She mothered the motherless, and those children, today and all
through their life, have thought just as much of her as they
possibly could have thought of their own mother if she had
been permitted to remain here in mortality, and she thought
the same of them.
This is certainly a wonderful trait in the life of a man or
woman.
It has been the pleasure of my wife and me to visit in the
home of Brother Moore quite frequently. We always enjoyed
going up and spending an hour or two with them and
conversing over times past and also of the possibilities of the
present and future. She always manifested a great faith in life
and in eternity, and not long before she passed away, she
made the statement that she was not afraid to go. She was not
afraid to meet the end. This is a wonderful thing if we can so
live and order our lives that we can look forward to the future
with the hope and the certainty that Allie looked forward to it,
then life can be made pleasant each day as we go along. I
never remember of her saying a single word against any
neighbor or against any individual. She always spoke well of
all of those with whom she associated, and she had a very
optimistic outlook on life. Her family relations were the most
cordial. Love and harmony abode in their home. When one
can reach the end of life, as she has, under these circumstances
and conditions, we can certainly rest assured that all is well,
and they are in a condition to receive the reward that is
promised to the faithful. I would like to take the privilege of
reading just a few of the verses as recorded by Paul in his
Epistle to the Corinthians, speaking on conditions similar to
those which confront us today. "If in this life only we have
hope in Christ, we are of all men most miserable. But now is
Christ risen from the dead, and become the first fruits of them
16
that slept. For since by man came death, by man came also the
resurrection of the dead. For as in Adam all die, even so in
Christ shall all be made alive. But every man in his own order:
Christ the first fruits; afterward they that are Christ's at his
coming."
As Bishop Budge has stated here this afternoon, Allie has
observed the laws of the Gospel. She has put herself in a
position where she can be one of those who will be Christ's at
his coming. You will recall that Paul, in one of his epistles,
made mention that there are many degrees of glory. He says
that there is one which is likened to the sun, there is another
one which is likened unto the moon, and there is another
which is likened unto the stars, the Telestial; and, as one star
differeth from another star in glory, so also is the glory of
man. What has been read here, which was written by Brother
William, has given us an idea and a little background of the
activities of Sister Allie and other members of the family.

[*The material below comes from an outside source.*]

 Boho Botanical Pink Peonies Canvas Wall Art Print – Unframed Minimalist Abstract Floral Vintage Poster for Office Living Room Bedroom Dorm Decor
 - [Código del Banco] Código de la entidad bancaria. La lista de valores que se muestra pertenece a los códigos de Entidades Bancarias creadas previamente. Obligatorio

They proved faithful. They embraced the Gospel and were in
a position to advance in wisdom and understanding and in
strength and power while here in mortal life. And so those
who keep and observe that law were the ones here to which
Paul refers to that teaching of the savior, so when we come to
the close of a life like this we are honoring today, it is not in a
spirit of sadness, of sorrow, and of mourning as there would
be under other circumstances and conditions. Realizing and
knowing as we do that where one has fulfilled the measure of
their creation here in mortal Life, all is well with him. He has
gone to his reward.
When I visited the home yesterday and the night before, I
did not feel the spirit of death and of mourning as we might
do upon some occasions. We realize and understand the life
that she has lead. She has lived the Celestial Law. You know,
Jesus said upon one occasion, "He that doeth the will of the
Father shall know the doctrine, whether it be of God or
whether I speak of myself," and He laid down the doctrine,
taught the people what they should do in order that they might
be saved in the Celestial Kingdom and in the life to come.

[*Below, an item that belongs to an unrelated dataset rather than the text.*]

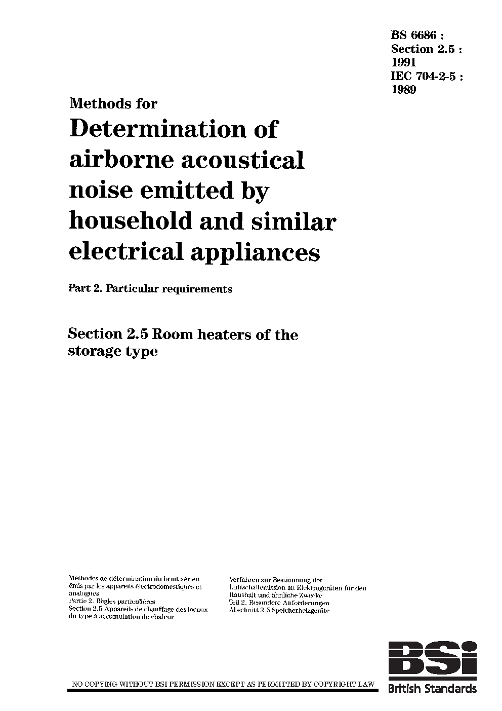 Methods for determination of airborne acoustical noise emitted by household and similar electrical appliances. Particular requirements Room heaters the storage type

That plan has been restored to the earth today. Sister Allie and
17
members of her family have complied to that law; and,
consequently, she is entitled to, and she will receive, the
Celestial Degree of Glory; and her husband is following along
the same path. It will not be long until he will join, and how
happy that reunion will be in the life to come. It is as Jesus
said, "In My father's house there are many mansions. I go to
prepare a place for you that where I am ye will be also." Allie
will be preparing the home for him so that when he comes,
their reuniting will be one of joy and happiness and of
contentment throughout the countless ages of eternity.
We are here upon the earth for just a short time, three
score and ten years. It has been stated that some do not last
that period of time. But let that be as it may, we are here for
the purpose of gaining an experience in mortal life, and that
experience will always remain with us. We can look back over
our sojourn here in mortal life in this life to come, and it will
be made clear to us just what vicissitudes we have passed
through here, and sometimes we may complain because we
have trials of various kinds to pass through sorrow, sickness,
pain, the loss of friends, and many others that may come our
way, and sometimes we hear individuals complain because
they have these conditions to meet. I often think of a very
splendid sermon I heard President C. W. Penrose give upon
one occasion similar to the one which we are honoring today,
and he made this statement, that if we passed through this life
without any obstacles to overcome, no suffering, no sorrow,
no adversity, he says that when we passed from this life, the
change would not seem so vivid as it will when we have some
things to contend with, which we can rise up and overcome.
When we enter into the life to come and look back over the
past and when we have encountered and overcome and lived
faithful, serving the Lord to the best of our ability, how great
will be our joy and rejoicing under these circumstances and
conditions. So, as I review the life of Sister Allie here, she has
been wonderful in her home, so splendid to these children, a
loving wife, a loving and kind considerate neighbor, and
having observed the laws and commandments of the almighty,
her reward is sure.
18
Death had no sting for her nor grave hath no victory over
her. She has gained her victory and her reward, so my prayer
is that Brother Joseph and members of the family will ever
cherish her memory and look forward to the time of meeting
her again, that they might live and order their lives that when
their time comes to lay down this mortal life, they may be
prepared as she has been prepared for the great future. These
blessings I ask in the Name of Jesus Christ, Amen.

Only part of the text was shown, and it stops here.